Start of MATERIAL TO PROCESS

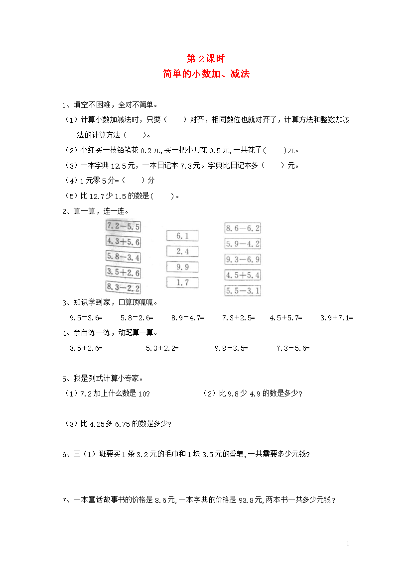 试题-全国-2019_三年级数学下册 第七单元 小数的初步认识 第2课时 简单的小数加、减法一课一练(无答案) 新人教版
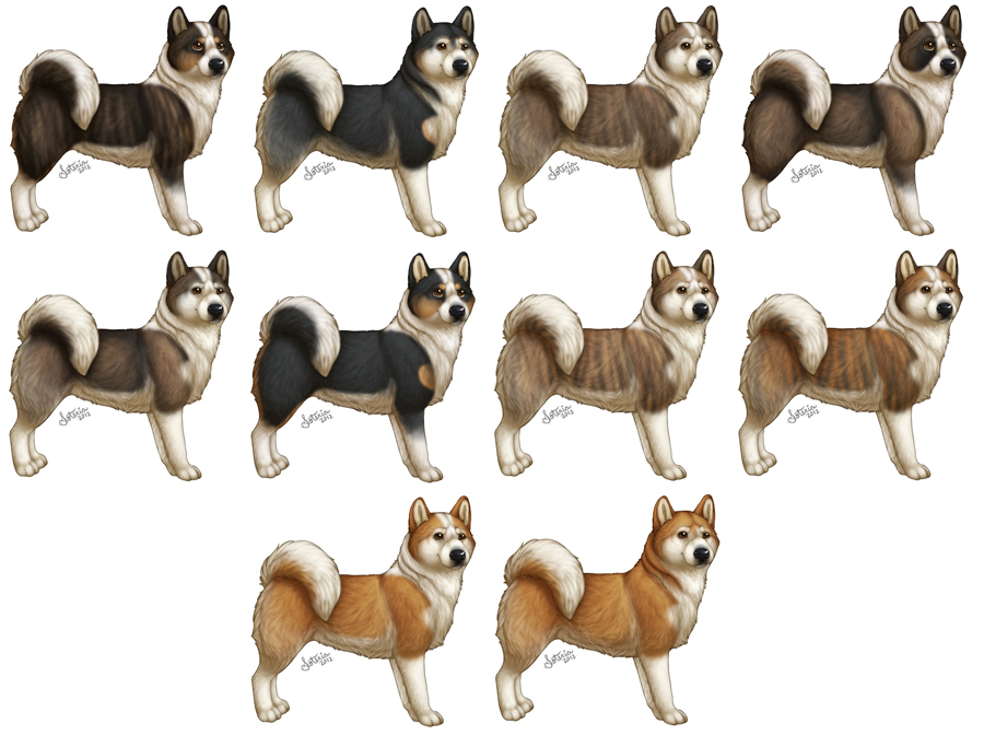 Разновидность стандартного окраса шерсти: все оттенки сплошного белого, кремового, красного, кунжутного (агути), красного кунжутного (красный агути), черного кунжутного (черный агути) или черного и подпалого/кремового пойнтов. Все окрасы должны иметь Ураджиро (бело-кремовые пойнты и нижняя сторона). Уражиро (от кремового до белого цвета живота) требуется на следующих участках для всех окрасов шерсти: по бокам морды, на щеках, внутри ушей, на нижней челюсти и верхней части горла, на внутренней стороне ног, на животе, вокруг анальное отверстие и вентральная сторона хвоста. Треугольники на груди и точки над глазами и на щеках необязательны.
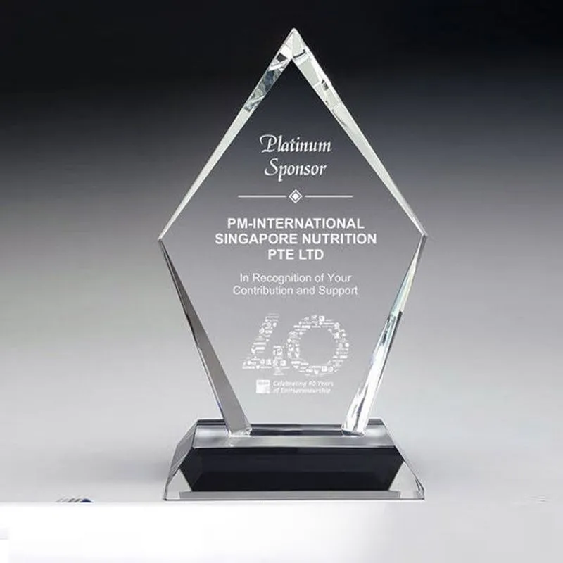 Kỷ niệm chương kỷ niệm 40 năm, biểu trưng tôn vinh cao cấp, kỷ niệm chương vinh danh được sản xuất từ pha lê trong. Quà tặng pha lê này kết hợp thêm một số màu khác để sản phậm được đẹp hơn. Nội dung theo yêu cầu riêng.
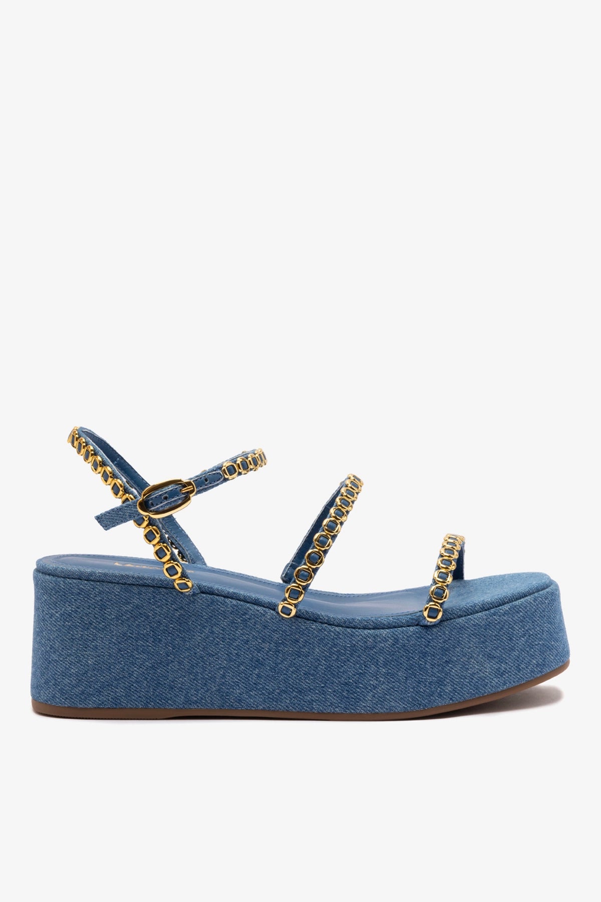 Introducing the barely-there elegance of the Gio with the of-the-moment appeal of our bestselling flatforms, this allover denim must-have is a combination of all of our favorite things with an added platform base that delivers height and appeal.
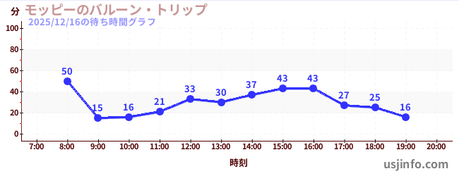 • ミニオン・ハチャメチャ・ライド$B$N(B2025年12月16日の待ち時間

End of MATERIAL TO PROCESS

TASK DETAILS: Please write out, word for word, only the lines from the one holding "Разновидность стандартного окраса" through the end of the records above, with both end lines included and the pictures dropped.

FINISHED TASK:
 Разновидность стандартного окраса шерсти: все оттенки сплошного белого, кремового, красного, кунжутного (агути), красного кунжутного (красный агути), черного кунжутного (черный агути) или черного и подпалого/кремового пойнтов. Все окрасы должны иметь Ураджиро (бело-кремовые пойнты и нижняя сторона). Уражиро (от кремового до белого цвета живота) требуется на следующих участках для всех окрасов шерсти: по бокам морды, на щеках, внутри ушей, на нижней челюсти и верхней части горла, на внутренней стороне ног, на животе, вокруг анальное отверстие и вентральная сторона хвоста. Треугольники на груди и точки над глазами и на щеках необязательны.
 Kỷ niệm chương kỷ niệm 40 năm, biểu trưng tôn vinh cao cấp, kỷ niệm chương vinh danh được sản xuất từ pha lê trong. Quà tặng pha lê này kết hợp thêm một số màu khác để sản phậm được đẹp hơn. Nội dung theo yêu cầu riêng.
 Introducing the barely-there elegance of the Gio with the of-the-moment appeal of our bestselling flatforms, this allover denim must-have is a combination of all of our favorite things with an added platform base that delivers height and appeal.
 • ミニオン・ハチャメチャ・ライド$B$N(B2025年12月16日の待ち時間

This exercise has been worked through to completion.